Disney World and other companies have started using digital CRM to get pulse of customers and gather data.

Envision a Walt Disney World where no one has to wait in line. Ride times can be booked in advance on the Web or a smartphone app.

At this Disney World, parents wouldn't have to wander the park searching for their child's favorite character. They could book an appointment with Mickey Mouse or Cinderella and -- like magic -- the character would greet the child by name.

Turnstiles, paper tickets and cash would be things of the past. Visitors would use data-encoded rubber bracelets to enter the park and buy food and souvenirs. The bracelets would also serve as room keys and parking passes.

You won't need to call the repairman -- the repairman will call you. That's the next generation of CRM -- not social, but digital CRM.

Mitch Lieberman,
CRM consultant

The concept may sound like it belongs in Tomorrowland, but Disney is rolling it out now. The bracelet is a prime example of what analysts call the next big wave of CRM: using digital technologies to enhance the customer experience.

Companies in all sorts of industries are increasingly relying on computers and technology to make their customers happier, said Mitch Lieberman, a consultant who has made a career of helping companies use digital technologies to enhance customer experience.

Electric companies are rolling out smart meters that track customer usage by the minute, eliminating the need for meter readers. Customers ostensibly benefit because, eventually, the smart meters will notify them via text when a dryer is running during peak rate times or advise them to shut off a washing machine during peak usage.

Appliance companies are unveiling refrigerators that keep track of expiration dates and food supplies, and notify the owner when there's a repair issue -- often before the person detects it.

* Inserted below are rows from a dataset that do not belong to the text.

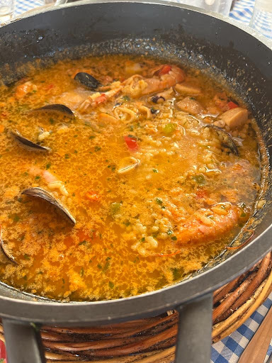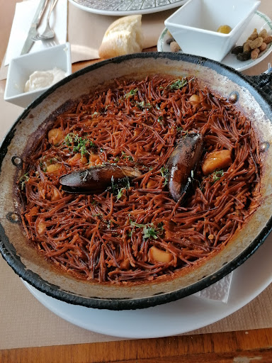 Read moreNo recomiendo acudir a este restaurante los festivos y fines de semana. No sé si es falta de personal, o lentitud en cocina. La cuestión es que, a pesar de haber hecho reserva, tuvimos que esperar, porque andaban desbordados de trabajo. Una vez en la mesa, tras esperar UNA HORA de reloj y quejarnos por ello, nos sirvieron los entrantes. Chipirones fritos, bravas y un par de ensaladas. En mi opinión, un tiempo excesivo para unos platos que no requieren demasiada elaboración. Entre los entrantes y el plato principal, casi media hora más de espera. La razón del porqué a esos largos tiempos de espera, según la dueña, fue: "Es que todo el mundo viene a a comer a la misma hora. Si vinieran a comer a la una, no pasaría esto". Me parece una respuesta del todo surrealista. Lo normal es que la mayoría de la gente acuda a comer a un restaurante a la hora de comer. Para desayunar, merendar o cenar, van a otras horas. Lo que no es normal es dirigir un restaurante con tan poca previsión. Que abran de una a cuatro y a las dos estén totalmente desbordados y, a pesar de tener la mitad de las mesas desatendidas y a los comensales descontentos por la lentitud del servicio, sigan aceptando clientes hasta abarrotar el restaurante. No hemos sido los únicos en quejarnos a ellos por ese motivo. Pero me ha dado la sensación de que están acostumbrados a que los clientes se quejen de la lentitud en atender y servir los platos y les da un poco igual. En cuanto a la comida, la pasta de la fideuá pasada. La paella de marisco, nada que ver con lo que entendemos por paella, ya que el exceso de ajo y perejil disfraza cualquier otro sabor. Eso sí, las cantidades...
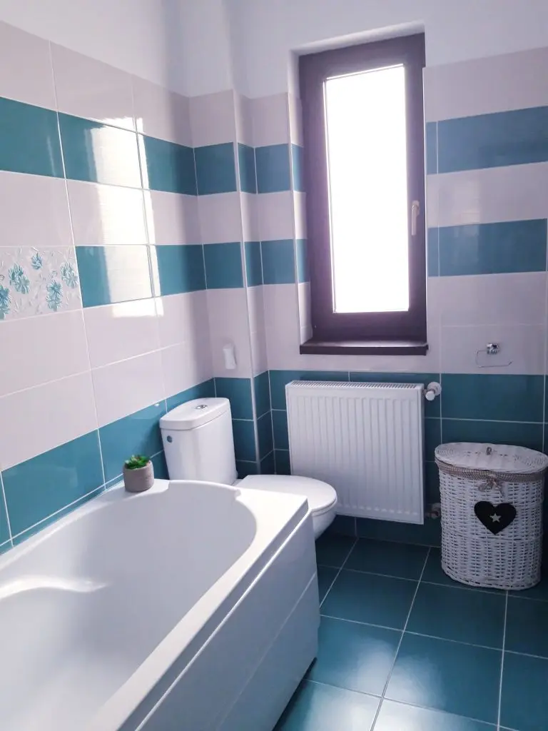 Dispunerea faiantei pe verticala in cazul baii face ca aceasta camera sa capete latime si profunzime. Simplitatea se remarca prin alegerea a doar doua nuante din punct de vedere al coloristicii, restul componentelor precum mobilierul si obiectele sanitare, respectand o paleta imaculata.
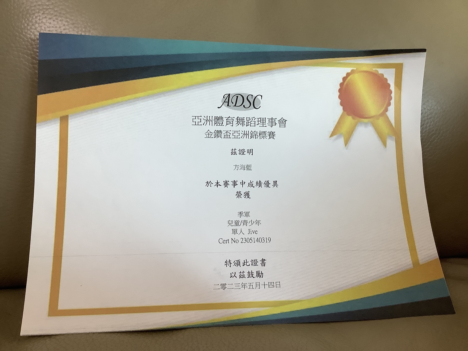 2A_方海藍_亞洲體育舞蹈理事會金鑽盃亞洲錦標賽_兒童/青少年單人Jive_季軍
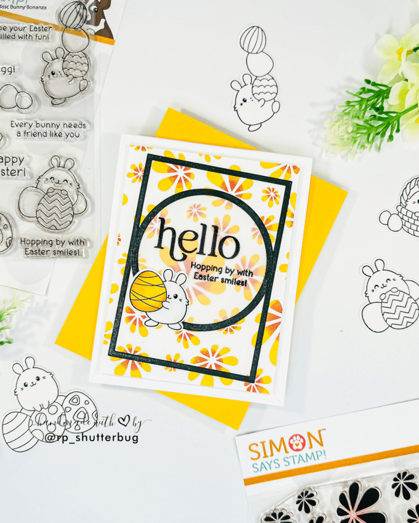 I had so much fun mixing and matching my sets for this one, pairing the bold “hello” from the Basket of Blooms Stamp with a sweet sub-sentiment and that adorable little egg-toting rabbit from the Bunny Bonanza Stamp set.
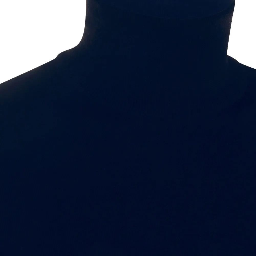 темно-синий, высокий ворот, длинные рукава, манжеты и низ в рубчик
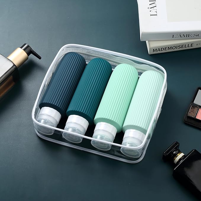 - Oversize 6oz travel bottle: Featuring a PVC toiletry bag, these travel-sized silicone bottles are perfect for storing and dispensing your favorite shampoos, lotions, and other liquids. Designed for convenience and durability, this travel set is a must-have for all your adventures.

"You won't need to call the repairman -- the repairman will call you," said Lieberman, managing partner of DRI, a Portugal-based consulting firm with U.S. locations in Vermont and New York. "That's the next generation of CRM -- not social, but digital CRM."

From digital CRM flows customer data

An Oracle survey released in February revealed that, on average, businesses estimate they'll spend 18% more in the next two years on technology designed to improve the customer experience. The survey, "Global Insights on Succeeding in the Customer Experience Era," collected responses from 1,342 senior executives in 18 countries.

These digital technologies are designed to keep customers happy and loyal, of course. Disney created the MyMagic+ bracelets to help make park visits more enjoyable by eliminating some of the hassles that arise while navigating a crowded tourist attraction. And Disney benefits because happy visitors tend to spend more and will return sooner.

But the technologies also help companies collect a ton of customer data that can be used to improve marketing. Suddenly, companies have a much clearer and broader picture of customer habits and preferences, knowing exactly what they're buying and when, or perhaps what they're doing at a given time.

Disney, for instance, will know which characters you interacted with and exactly how many hot dogs you ate -- information that can be used to lure you back. Disney declined to comment for this story.

A smart refrigerator by Samsung can tell you how to make the most of a hot dog meal. It offers recipe suggestions based on what's inside the fridge. The front of the appliance has a tablet with preloaded apps that track food and allow families to collaborate in the creation of grocery lists. If someone at home adds mustard to the list, another family member who is shopping can see the addition on a mobile device.

"Now I can use data and analytics to predict what you will like in the future," Lieberman said. "It's a value exchange. The customer experience is better and the company benefits."

Jim Dickie, managing partner of the Boulder, Colo.-based research firm CSO Insights, said the latest advancements in digital CRM also provide new sales opportunities. By contacting a customer when his or her refrigerator is broken, an appliance company has the opportunity to sell repair service or an extended warranty, he said.

"That's just another way of reaching the customer when they're likely to buy something," Dickie said.

The customer perks of digital CRM

Giant companies like Disney and Samsung are not the only ones making use of digital CRM. Dickie points to Jawbone, a San Francisco company best known for its portable Jambox speakers and Bluetooth headsets.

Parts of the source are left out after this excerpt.